CWI技术在其他手术中已显示出良好的效果[10],但如何应用于脊柱手术术后镇痛目前尚存在一些争议。本研究中,CWI组术毕前于双侧切口内分别注射0.375%罗哌卡因,再放置导管持续输注给药。此方法可在术后早期达到镇痛效果。Xu等[4]研究结果显示,胸腰段脊柱术后48 h内CWI的镇痛效果与PCA的效果相似,且CWI组术后恶心呕吐等不良反应发生率更低。然而,Greze等[11]认为,CWI并不能提高胸腰椎脊柱术后镇痛的效果。考虑其原因:该研究的观察点只有术后12、24、48 h 3个时间点,可能忽略了CWI后早期的镇痛效果。本研究CWI方案为缝合伤口时予单次剂量局部麻醉药物浸润阻滞,其产生的镇痛效果可持续6~8 h,联合后期的局部麻醉药持续输注可使早期镇痛效果较PCA更为完善,可能是本研究CWI组术后2~6 h的疼痛 VAS评分低于PCA组的原因。同时,CWI技术中多孔输注导管放置的位置亦很重要,将导管放置于皮下组织浅层,则无法完全阻滞外周神经,致使CWI效果不佳;而将导管放置于皮下深层组织与深筋膜之间可显著降低术后疼痛VAS评分,减轻疼痛反应。因此,本研究选择将多孔导管放置于皮下深层组织与深筋膜层之间。术后患者多处于头高脚低姿势,导管头端置于伤口头端可使局部麻醉药自上而下浸润伤口。负压引流管放置于脊柱内固定螺钉与深筋膜之间,通过深筋膜的隔断可减少局部麻醉药被负压吸引而流失。

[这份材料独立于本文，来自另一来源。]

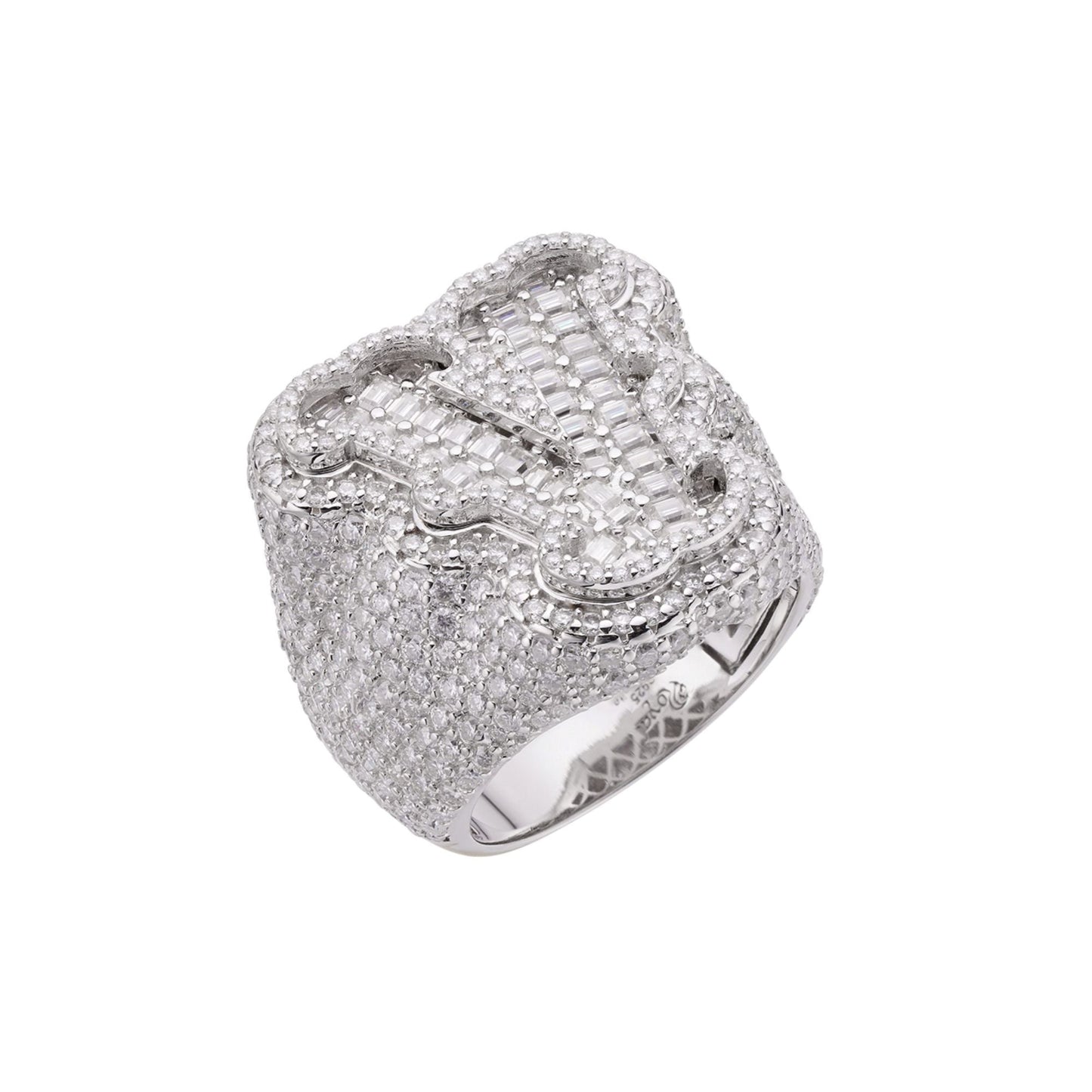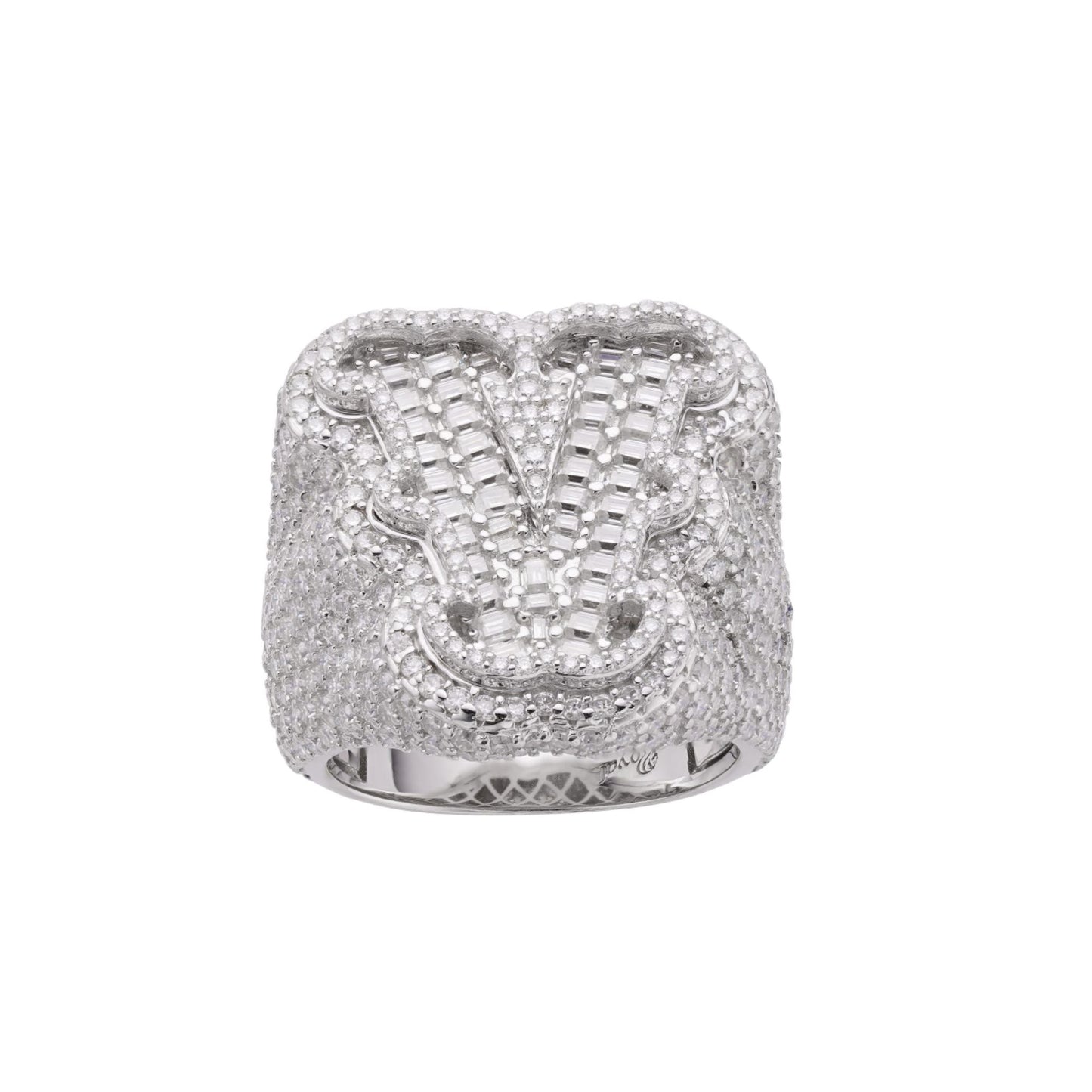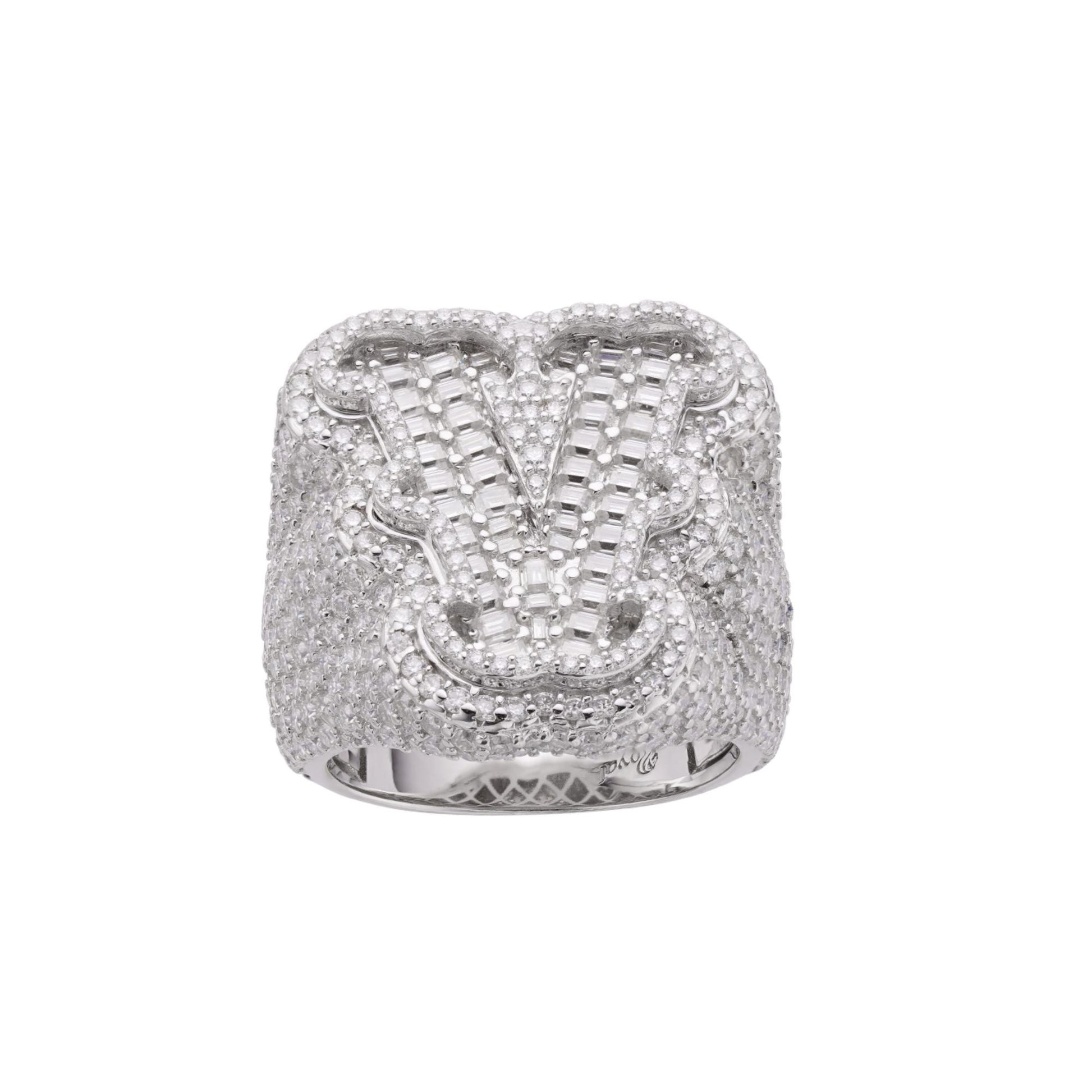 S.Silver Round Baugette Moissanite Albhabet V letter Initial SZ 10 Mens Ring RP 7-1/2 Cttw

本研究中使用的局部麻醉药为罗哌卡因,其可逆性结合神经细胞膜表面的电压门控通道来抑制钠离子通过,临时抑制感觉神经、运动神经和交感神经的动作电位,过量使用此类局部麻醉药可能会使其与其他离子通道结合,导致中枢神经系统和心血管并发症发生。有研究[12]结果显示,罗哌卡因较布比卡因有更好的安全剂量范围,更适用于青少年和儿童。Riff等[13]对乳腺癌根治术后患者予以切口局部单次注射0.75%罗哌卡因10 mL, 接着以10 mL/h连续输注0.2%罗哌卡因400 mL,药代动力学研究未发现局部麻醉药中毒现象。因此,本研究以0.375%罗哌卡因20 mL切口局部浸润注射,术后连续输注0.2%罗哌卡因5 mL/h的用药方案是相对安全的。
本研究结果显示,ESPB组胃肠功能恢复时间显著短于PCA组和CWI组,可能的原因是PCA组术后阿片类药物使用的累计剂量较大,而胃肠道μ-阿片受体的激活可抑制肠道运动,且该抑制作用与阿片类药物使用量成正相关。
综上所述,AIS术后ESPB、CWI均可达到良好的术后镇痛效果。CWI相较于ESPB镇痛时间更长,而ESPB可减少术中阿片类药物使用量,术后胃肠功能恢复时间较短。因此,ESPB和CWI均可显著改善AIS术后疼痛,减少阿片类药物相关不良反应的发生,提高患者满意度。